Теперь о содержании. Прежде всего необходимо дать людям представление о том, что такое открытые данные, как лицензируются, на каких законах основываются, что такое свобода доступа к информации, какие мировые международные проекты, договоры могут быть поддержкой в этой работе. Наконец, какие центры компетенции можно найти уже в ходе реальной самостоятельной практики пользования открытыми данными.
– Мне кажется, эта практика неминуемо покажет, что даже самые обученные и энергичные люди не минуют встречи с такими чиновниками, которые даже с информацией под грифом «Абсолютно несекретно!» будут делать все, чтобы «как бы чего не вышло»...
– Да, открытые данные – это некое топливо для дальнейшей активной деятельности по их применению как в личных, так и в общественных интересах.
Работа эта увлекательная уже хотя бы потому, что при интересе и старании можно получить самые неожиданные знания. Я часто привожу пример списка российских послов, опубликованного на сайте МИДа. В нем из более чем пятисот человек оказалось только шесть женщин. Так я нашел подтверждение известной шутке дипломатов: «Советский посол беременным быть не может». А лично меня более тщательное изучение списка навело на некий пока не объяснимый феномен славянско-мужского шовинизма отечественной дипломатии.
– Как вы считаете, существует информация, которую открывать можно, но если не открывать, то все будет только лучше?
– Мировая практика в этом смысле двойственна. При англосаксонской модели мы наблюдаем максимальную открытость, при которой доступно все, кроме гостайны и персональных данных. А есть модель германская. Так вот немцы – это такие «секретчики», что наши родные охранители и рядом не стоят. Немцы уверены, что за ними постоянно следят американцы, и вообще им кажется, что кругом сплошной промышленный шпионаж. На этот счет в Интернете вывешено немало корпоративно-шпионских историй, показывающих, как часто немецкие хранители тайн оказываются на грани нервного срыва.
А если опять же серьезно, то немецкая модель основана на институте информационных комиссаров. Когда какие-то данные недоступны, можно сделать запрос такому комиссару, и уже он на том или ином основании может принять решение об открытии информации или же отказать в просьбе. Причем с примерной формулировкой: «Несмотря на то что эти данные не являются гостайной, раскрытие их может нанести вред обществу». И это становится очень существенным аргументом против призывов немедленно раскрыть все и вся.

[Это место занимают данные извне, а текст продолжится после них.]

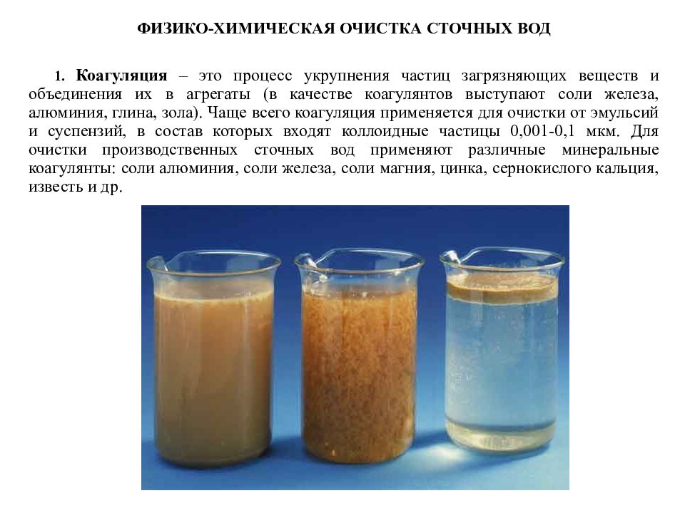 ФИЗИКО-ХИМИЧЕСКАЯ ОЧИСТКА СТОЧНЫХ ВОД 1. Коагуляция – это процесс укрупнения частиц загрязняющих веществ и объединения их в агрегаты (в качестве коагулянтов выступают соли железа, алюминия, глина, зола). Чаще всего коагуляция применяется для очистки от эмульсий и суспензий, в состав которых входят коллоидные частицы 0,001-0,1 мкм. Для очистки производственных сточных вод применяют различные минеральные коагулянты: соли алюминия, соли железа, соли магния, цинка, сернокислого кальция, известь и др.
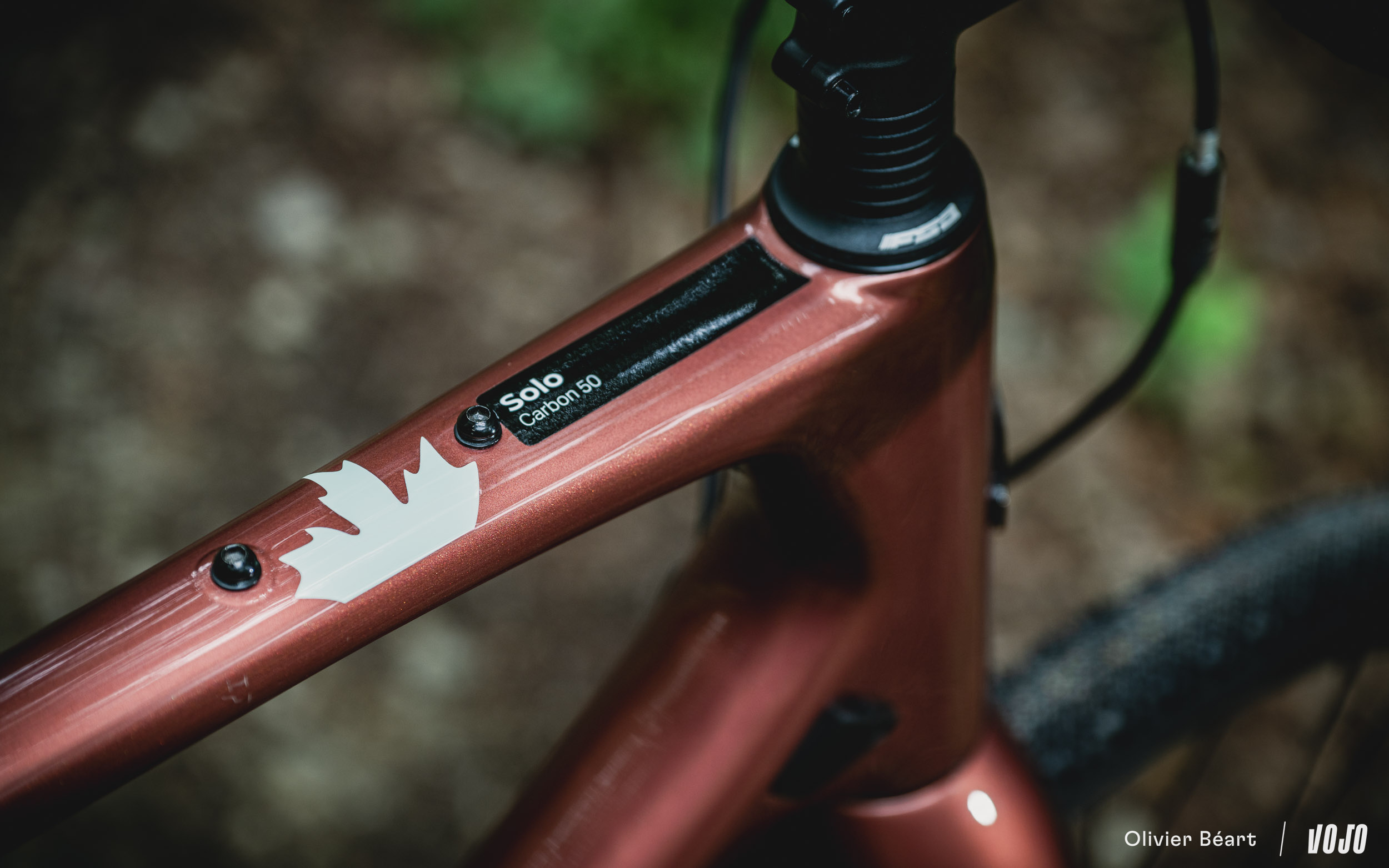 Autrefois proposé uniquement en aluminium, le nouveau Solo est cette fois décliné également dans une version carbone nettement plus travaillée. On constate qu’un gros boulot a été fait sur le tube de selle, avec une partie fortement aplatie au niveau de la jonction avec le boîtier de pédalier. A noter que, malgré cette forme et même si tous les montages sont en mono-plateau, Rocky Mountain permet toujours le montage d’un dérailleur avant et l’utilisation en double plateau. La tige de selle est passée en diamètre 27,2mm sur cette dernière génération, toujours dans l’idée d’offrir plus de confort.
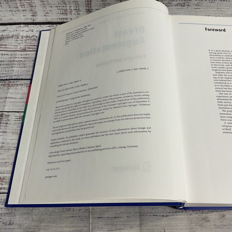 Breast Augmentation Principles & Practice Melvin A. Shiffman Hardcover Textbook
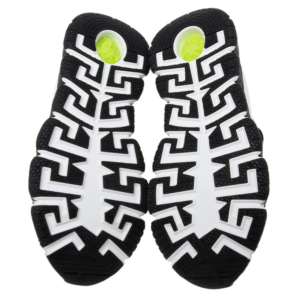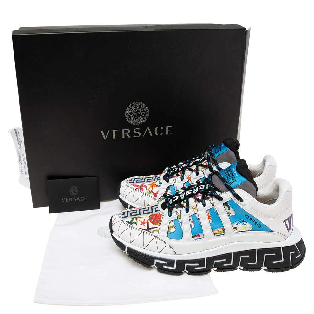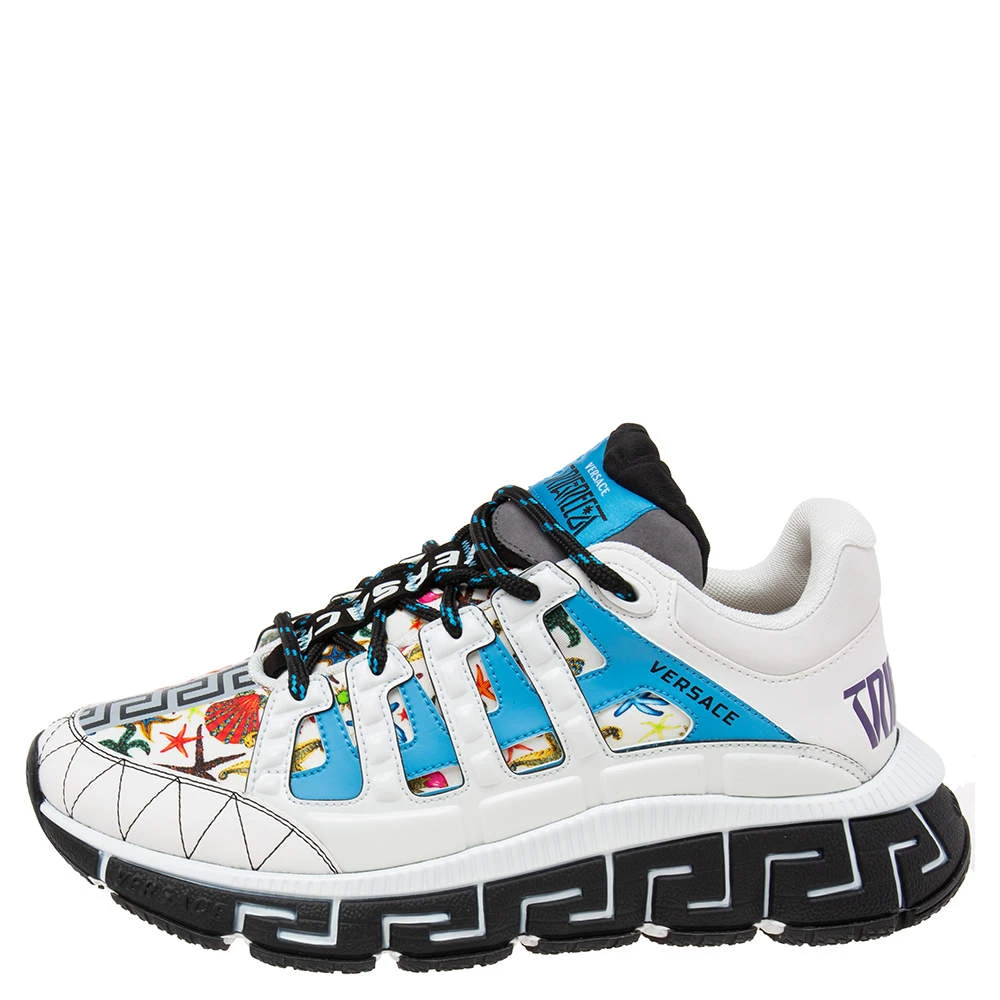 Lead colorful steps all the way with these Versace sneakers. Covered with flawless graphic patterns, they come made in leather and the Greek key pattern on the round toe, brand detailing on lace-up closure, and logo patch on tongue highlight the shoes. They rest on durable rubber soles, lined with fabric, and feature a cork insole.
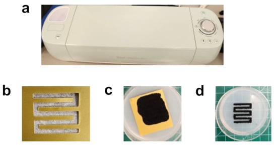 After the rheological analysis, a coating test using the conductive CNT ink was also conducted with various substrates, including cured Ecoflex, a sheet of paper, and a Petri dish, as one of the potential applications. The objective of this test was to evaluate the cohesiveness of the conductive CNT ink after its solidification onto the substrate. A machine called Cricut was used to create an interdigitated pattern using a paper mold (Figure 8a,b). After pouring the conductive CNT ink onto the paper mold, the mold was removed from the substrate (Figure 8c,d). The width of the interdigitated pattern was approximately 2 mm. Among the distinct substrates, the patterned conductive CNT ink showed the best performance on the cured Ecoflex. The sheet of paper was not suitable for the conductive CNT ink-based coating due to its liquid-absorbing properties. The coating with the Petri dish was not well realized due to the lack of adhesiveness with the conductive CNT ink. This result indicates that the conductive CNT ink is most compatible with a cured Ecoflex substrate because one of the constituent elements is the same silicone elastomer. This information would be useful for the future application of the conductive CNT ink in various patterned piezoresistive sensors based on silicone elastomers and conductive materials. It can be concluded that the conductive CNT ink has potential in several printing techniques, such as stencil printing and blade coating. Further characterizations in terms of printing accuracy and electrical resistivity could be elaborated in the continuous study.
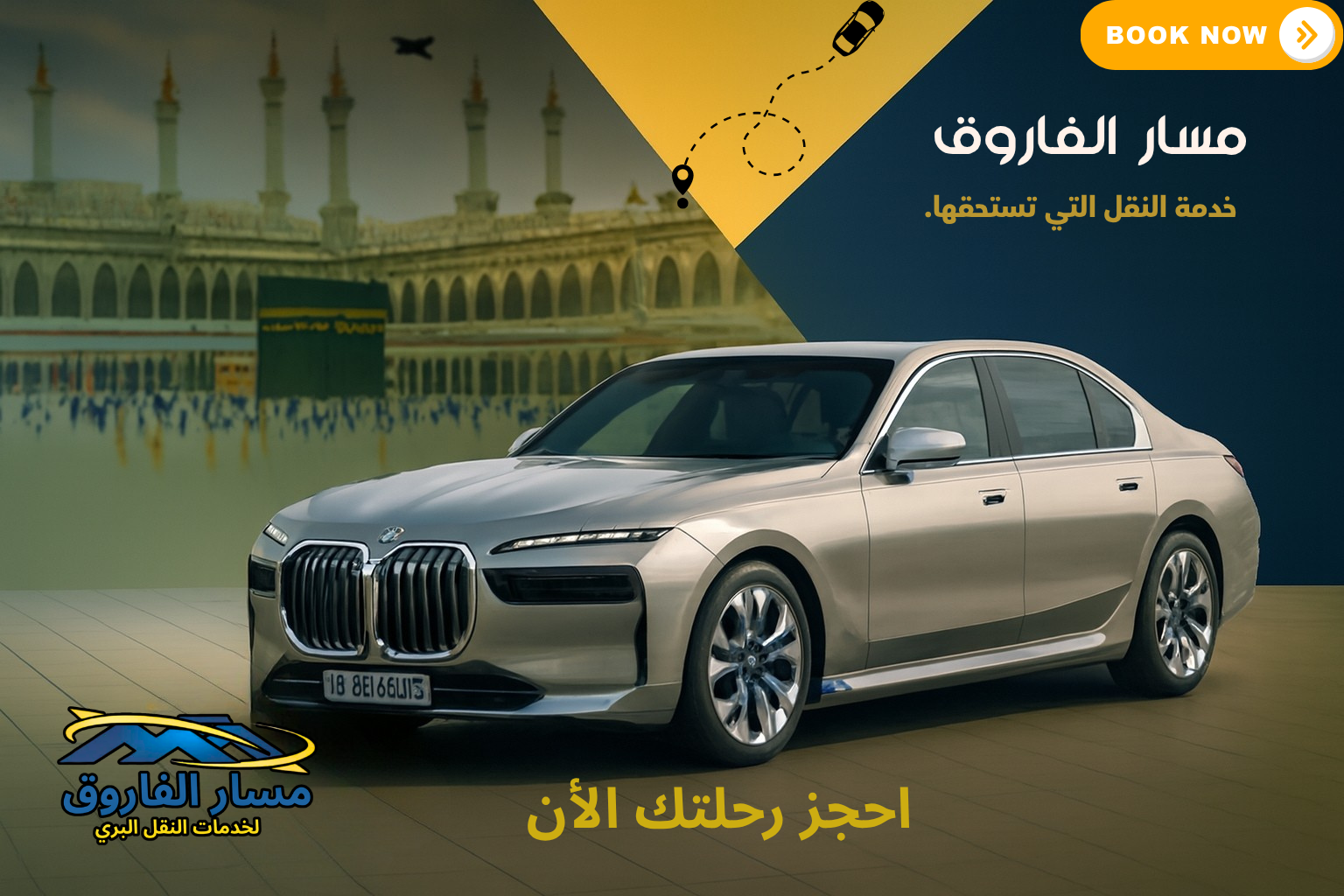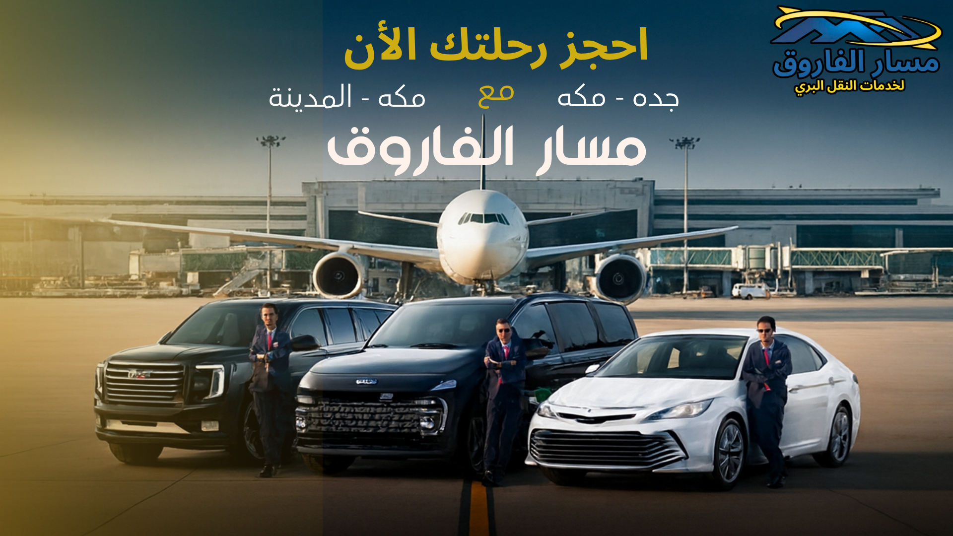 في مسار الفاروق نعتني بكل تفصيلة في رحلتك — من لحظة الحجز حتى وصولك لوجهتك بأمان وراحة. نقدم تجربة تنقل راقية تجمع بين الاحترافية، الرفاهية، والدقة في المواعيد، لتكون كل مشاويرك معنا عنوانًا للتميز.
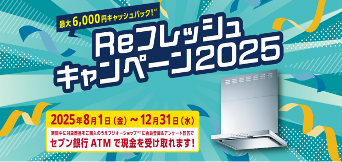 対象のレンジフードをご購入・設置いただいた方に、もれなく現金キャッシュバックのお得なキャンペーンです!こちらはリンナイ〈我が家のアップデートキャンペーン〉と併用可能です!
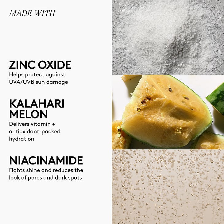 INACTIVE INGREDIENTS: WATER, C12-15 ALKYL BENZOATE, CAPRYLIC/CAPRIC TRIGLYCERIDE, BUTYLOCTYL SALICYLATE, DIMETHICONE, GLYCERIN, ETHYLHEXYL PALMITATE, PROPANEDIOL, BUTYROSPERMUM PARKII (SHEA) BUTTER, CARTHAMUS TINCTORIUS (SAFFLOWER) OLEOSOMES, GLYCERYL STEARATE SE, BUTYLENE GLYCOL, POLYHYDROXYSTEARIC ACID, SORBITAN ISOSTEARATE, CETYL ALCOHOL, NIACINAMIDE, PENTAERYTHRITYL TETRAISOSTEARATE, PHENYL TRIMETHICONE, SILICA, HYALURONIC ACID, SODIUM HYALURONATE, CITRULLUS LANATUS (WATERMELON) SEED EXTRACT, ADANSONIA DIGITATA PULP EXTRACT, BAROSMA BETULINA LEAF EXTRACT, ALOE BARBADENSIS LEAF JUICE, TOCOPHEROL, GLUCONOLACTONE, INULIN LAURYL CARBAMATE, HYDROXYETHYL ACRYLATE/SODIUM ACRYLOYLDIMETHYL TAURATE COPOLYMER, XANTHAN GUM, HYDROXYACETOPHENONE, POLYSILICONE-11, TRISODIUM ETHYLENEDIAMINE DISUCCINATE, SODIUM CITRATE, CITRIC ACID, BENZYL SALICYLATE, ETHYLHEXYLGLYCERIN, SODIUM BENZOATE, POTASSIUM SORBATE, PHENOXYETHANOL, FRAGRANCE, HEXYL CINNAMAL, LIMONENE, LINALOOL, YELLOW 6, RED 33.
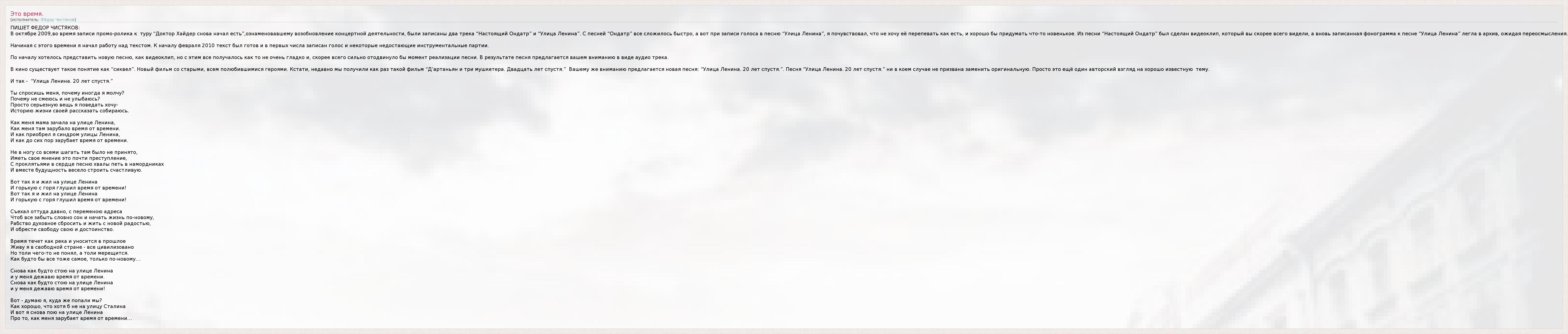 В октябре 2009,во время записи промо-ролика к  туру “Доктор Хайдер снова начал есть”,ознаменовавшему возобновление концертной деятельности, были записаны два трека “Настоящий Ондатр” и “Улица Ленина”. С песней “Ондатр” все сложилось быстро, а вот при записи голоса в песню “Улица Ленина”, я почувствовал, что не хочу её перепевать как есть, и хорошо бы придумать что-то новенькое. Из песни “Настоящий Ондатр” был сделан видеоклип, который вы скорее всего видели, а вновь записанная фонограмма к песне “Улица Ленина” легла в архив, ожидая переосмысления.
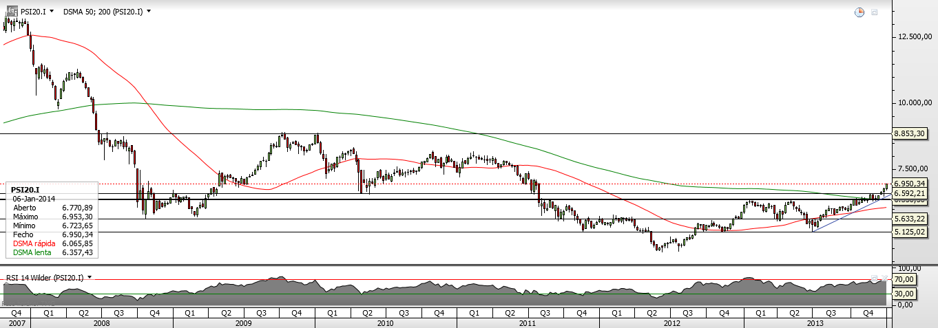 As 3 apostas, PSI20, para o inicio de ano 2014 estão a testar anteriores máximos...
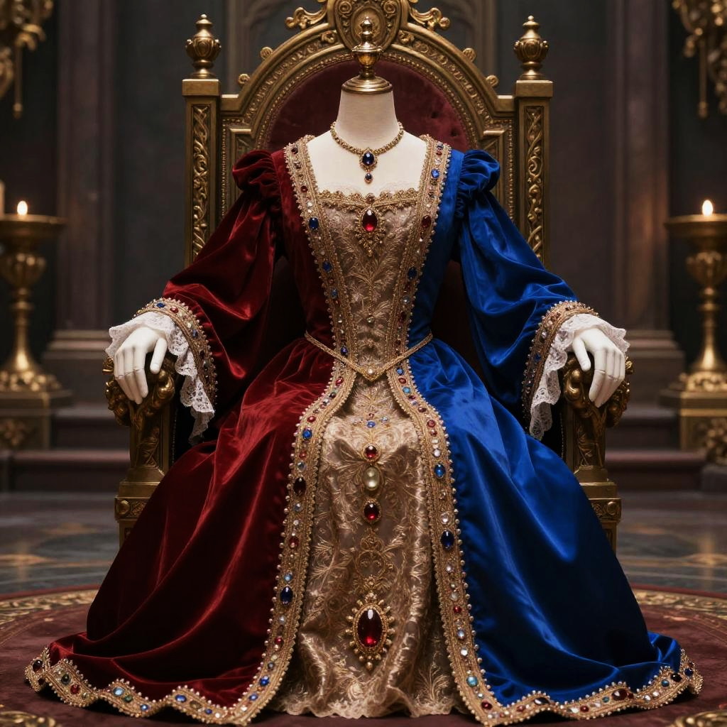 DND noble clothes featuring intricate embroidery and luxurious fabrics, a blend of velvet and silk, detailed gold and silver threadwork, set in a medieval fantasy court with elegant jewelry, flowing capes, and polished leather boots, dramatic lighting
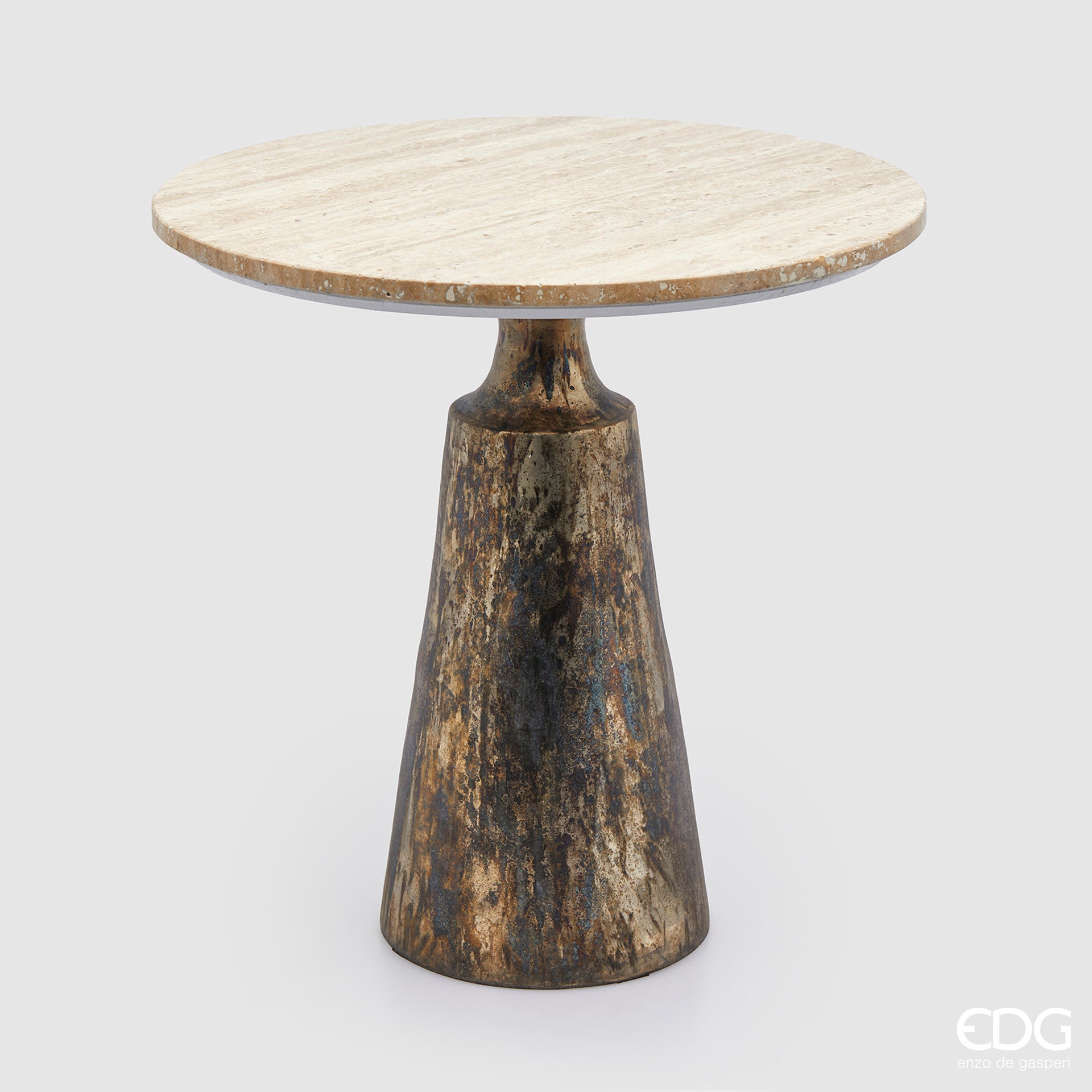 Der runde Travertintisch von EDG (60 cm Durchmesser) ist ein eleganter Couchtisch mit natürlichem und edlem Charakter, der Wohnräume und modernes Design stilvoll aufwertet. Entworfen von der renommierten italienischen Möbel- und Wohnaccessoiresmarke, vereint dieser Tisch mit seiner Tischplatte in Travertinoptik raffinierte Ästhetik mit funktionaler Vielseitigkeit und eignet sich daher perfekt als Couchtisch, Beistelltisch oder als eindrucksvolles Akzentstück für Innen- und Außenbereiche.

Но это не значит, что информационные комиссары озабочены лишь тем, чтобы защищать тайны государства. Раньше они вообще назывались офицерами по защите персональных данных. И история этой службы знает много примеров, показывающих сложность именно этой, личностной проблемы.
Допустим, есть немецкий гражданин, родственники которого служили в «Штази». И есть родственники другого гражданина, погибшие или пострадавшие от этой службы безопасности времен ГДР. Возникает вопрос: чье право здесь имеет приоритет? Каждый выступает за открытие информации, показывающей страдания и несправедливость по отношению к своей семье. И такую дилемму я не придумал. Это настоящий случай и настоящая проблема Германии до сих пор. О ней мне рассказывали как раз информационные офицеры.
Есть модель раскрытия информации по суду, когда эта инстанция решает, публиковать данные или нет. В России действует что-то похожее. Поэтому нам не стоит ожидать, что откроется сразу и все. Информация не совсем публичная или непубличная будет открываться не сразу и не легко.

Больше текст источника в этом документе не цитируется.